Hunters as citizen scientists: Contributions to biodiversity monitoring in Europe
Peer reviewed, Journal article
MetadataVis full innførsel
OriginalversjonGlobal Ecology and Conservation. 2020, 23, . 10.1016/j.gecco.2020.e01077
Monitoring biodiversity characteristics at large scales and with adequate resolution requires considerable effort and resources. Overall, there is clearly a huge scope for European hunters, a special and often overlooked group of citizen scientist, to contribute even more to biodiversity monitoring, especially because of their presence across the entire European landscape. Using the Essential Biodiversity Variables (EBVs) framework we reviewed the published and grey literature and contacted experts to provide a comprehensive overview of hunters’ contributions to biodiversity monitoring. We examined the methods used to collect data in hunter-based monitoring, the geographic and taxonomic extent of such contributions and the scientific output stemming from hunter-based monitoring data. Our study suggests that hunter-based monitoring is widely distributed across Europe and across taxa as 32 out of the 36 European countries included in our analysis involve hunters in the monitoring of at least one species group with ungulates and small game species groups which have the widest hunter-based monitoring coverage.

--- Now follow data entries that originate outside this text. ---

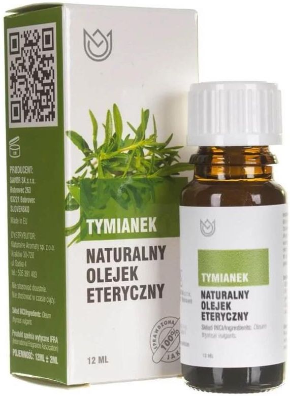 TYMIANEK – Naturalny olejek eteryczny [img-3888-right-home_default] Łacińska nazwa: Thymus zygis (Loefl.) L. Destylowana część roślin: Wierzchołki kwiatów Pochodzenie: Hiszpania Producent: Naturalne Aromaty Tymiankowy olejek eteryczny wykazuje właściwości antysceptyczne, przeciwbakteryjne i przeciwgrzybiczne. Polecany przy przeziębieniach, grypie i katarze. Działa wykrztuśnie, wspomaga leczenie infekcji dróg oddechowych. Korzystnie wpływa na proces trawienia, skutecznie pobudza pracę jelit oraz wątroby. Zalecany w stanach szoku, atakach histerii i silnego zdenerwowania, skutecznie redukuje stres. Olejki eteryczne mogą być używane pojedynczo lub mieszane z innymi dla wzmocnienia aromatu lub uzyskania nowego zapachu. Zastosowanie Masaż - Do masażu, 3-5 kropli wymieszać z jedną łyżką oleju nośnikowego np. oliwa z oliwek, itp. Kąpiel - Do kąpieli, 10-15 kropli na wannę letniej wody, podawać w strumieniu wlewanej wody. Sauna - Dodaj kilka kropel olejku do wody i polej rozgrzane kamienie. Zasypianie - Skropić róg poduszki olejkiem eterycznym, aby ułatwić zasypianie. Pranie - Dodać ulubiony aromat do proszku do prania lub skropić prane ubrania. Mycie - Wlać kilka kropel dowolnego olejku zapachowego do wiadra z wodą do mycia podłogi. Odświeżanie powietrza - Nasączyć gazik i wciągnąć go na początku odkurzania, w celu aromatyzowania powietrza. Samochód - skropić olejkiem o ulubionym zapachu wycieraczkę pod drzwiami domu lub w aucie. Nasączyć wyschniętą choinkę samochodową lub uzupełnić pusty wkład odświeżacza powietrza. Użytkowanie Nie stosować doustnie. Nie stosować w czasie ciąży. Nie stosować nierozcieńczonego olejki bezpośrednio na skórę. Może powodować uczulenie w kontakcie ze skórą. W razie połknięcia niezwłocznie zasięgnij porady lekarza. Unikać kontaktu z oczami i błonami śluzowymi.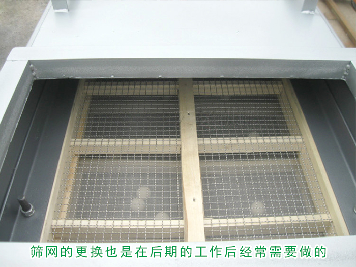 2)換上新的篩網,張緊篩網,使左側鉤板處于鉛錘位置,張緊右側篩網鉤板,再將左側張緊,擰緊螺栓即可。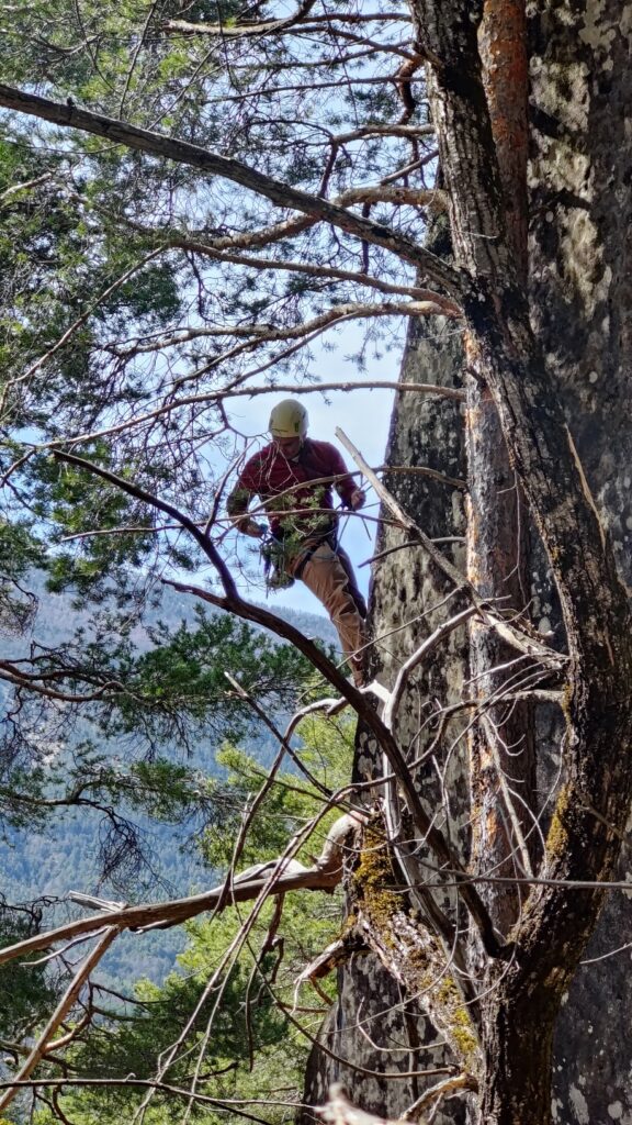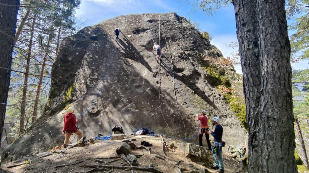 Quelques grimpeurs terminent le tour de la dalle pour achever les dernières voies, et nous nous déplaçons sur un autre secteur pour découvrir le Rocher de la Balme. Un peu caché, il faut jouer au sanglier pour y accéder. Mais pas longtemps car il est assez proche du sentier d’accès.

We found that it is possible to infer characteristics on Genetic composition, Species population, Species traits and Community composition with data that are being routinely collected by hunters in at least some countries. The main types of data provided are hunting bags data, biological samples including carcasses of shot animals and non-invasive samplings and Observations for counts and indices. Hunters collect data on biodiversity in its key dimensions. Collaborations between hunters and scientists are fruitful and should be considered a standard partnership for biodiversity conservation. To overcome the challenges in the use of hunters’ data, more rigorous protocols for sampling data should be implemented and improvements made in data integration methods.